The best depends on the circumstances and is not always clear. Even with a theta(n^2) vs theta(nlog n) algorithm, the quadratic one might be 'best' under the circumstances.

For this problem, say you had say fifteen 128bit integers for which you were looking for a particular subset sum. It might potentially be better to just enumerate all subsets, rather than go via the dynamic programming approach.

@Bevan: I am curious. Subset sum is NP-Complete even if the numbers are all positive. What algo do you have?

btw, if you do have an algorithm for positive numbers, you can use it for negative numbers (just add a large enough positive number to each, and also put a constraint on the size of the set, and run multiple times for different sizes).

We can do it in O(n^2) using Dynamic Programming, this code is only for positive integers, we can tweak it to take care of -ve integers as well:

```
// idea is
// a sum x is possible if for any i x-a[i] is possible
bool subsetsum(int *a, int n, int k){
int *s = new int[k+1];
for(int i=0; i<k+1; i++) s[i] = 0;
s[0] = 1;
for(int i=0; i<n; i++)
for(int j=k; j>=a[i]; j--)
s[j] |= s[j-a[i]];
return s[k];
}
```

You can test the code using your custom test case @ ideone.com/Zsw3J4

This is not O(n^2).
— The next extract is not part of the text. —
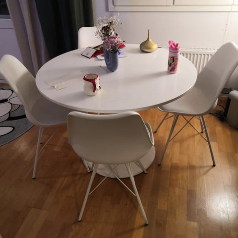 Myydään ikean vihals- merkkinen valkoinen pyöreä ruokapöytä. Uutta vastaava kunto, ollut pari kuukautta käytössä. Ei sovi omaan keittiöön parhaalla mahdollisella tavalla ja sen vuoksi myydään.

What if k was close to n^1000?

This is Theta(nk) to be more precise, and is the pseudo-polynomial algorithm, which makes subset-sum 'not strongly NP-Complete'.

```
public static void findSubSetForGivenSumInArray(int sum, int[] arr) throws InterruptedException{
int calSum = 0;
Queue q = new Queue();
boolean flag = false;
for(int i=0; i<arr.length; i++){
q.enqueue(arr[i]);
calSum += arr[i];
if(i!=arr.length-1 && arr[i+1]>0)
while(calSum > sum){
Integer deq = (Integer)q.dequeue();
calSum -= deq;
}
if(calSum == sum){
flag = true;
Enumeration e = q.elements();
while(e.hasMoreElements()){
System.out.println(e.nextElement().toString());
}
break;
}
}
if(!flag){
System.out.println(false);
}
}
```

```
public class SumSubset {
public static void main(String[] args) {
int[] nos = { 1, 2, 3, 5, 6, 8, 10 };
int sum = 13;
Map<Integer, List<List<Integer>>> subLists = new HashMap<Integer, List<List<Integer>>>();
List<Integer> inL = new ArrayList<Integer>();
subLists.put(0, new ArrayList<List<Integer>>());
subLists.get(0).add(inL);
for (int p = 1; p <= sum; p++) {
subLists.put(p, new ArrayList<List<Integer>>());
for (int i = 0; i < nos.length; i++) {
if (nos[i] <= p) {
List<List<Integer>> merge = merge(nos[i],
subLists.get(p - nos[i]));
for (List<Integer> l1 : merge) {
if (!subLists.get(p).contains(l1))
subLists.get(p).add(l1);
}
}
}
}
System.out.println(subLists.get(sum));
}
private static List<List<Integer>> merge(int i, List<List<Integer>> list) {
List<List<Integer>> new1 = new ArrayList<List<Integer>>();
for (List<Integer> l1 : list) {
if (!l1.contains(i)) {
List<Integer> n = new ArrayList<Integer>();
n.addAll(l1);
n.add(i);
Collections.sort(n);
if (!new1.contains(n)) {
new1.add(n);
}
}
}
return new1;
}
```

```
static int position[] = new int[0];
public void sumOfSubset(int[] value, int k, int sum){
if(position.length == 0){
position = new int[value.length];
}
if(k == value.length){
if(sum == 0){
print(value,position);
}
return;
}
position[k] = 1;
sumOfSubset(value, k+1, sum-value[k]);
position[k] = 0;
sumOfSubset(value, k+1, sum);
}
public void print(int[] value, int[] choice){
for(int i =0 ; i<value.length;i++){
if(choice[i] ==1){
System.out.print(value[i] + " ");
}
}
System.out.println();
}
public static void main(String[] args) {
// TODO Auto-generated method stub
Numbers n = new Numbers();
//n.decToHex(1128);
int[] value = {5,5,10,100,10,5};
//n.maxSubSequence(value);
n.sumOfSubset(value, 0, 115);
}
```

Typical question of hash table. Simple store all numbers in a hash table, then check every sum - number in hash table. If number is there, return true. Traverse complete array, if no element found return false. This is independent of number is +ve or -ve.

Complexity O(n)

Your algorithm will only work if we have find just 2 numbers in the array whose summation= given number? There may be a subset of >2 numbers whose summation= given number.

So, the question asks for a subset.

- Roberto Abreu March 05, 2013There are 2^n subsets. One way is checking every subset. This is adequate if n is small (say, +- 30).

If n is bigger then you can consider this problem as a special case of the Knapsack problem.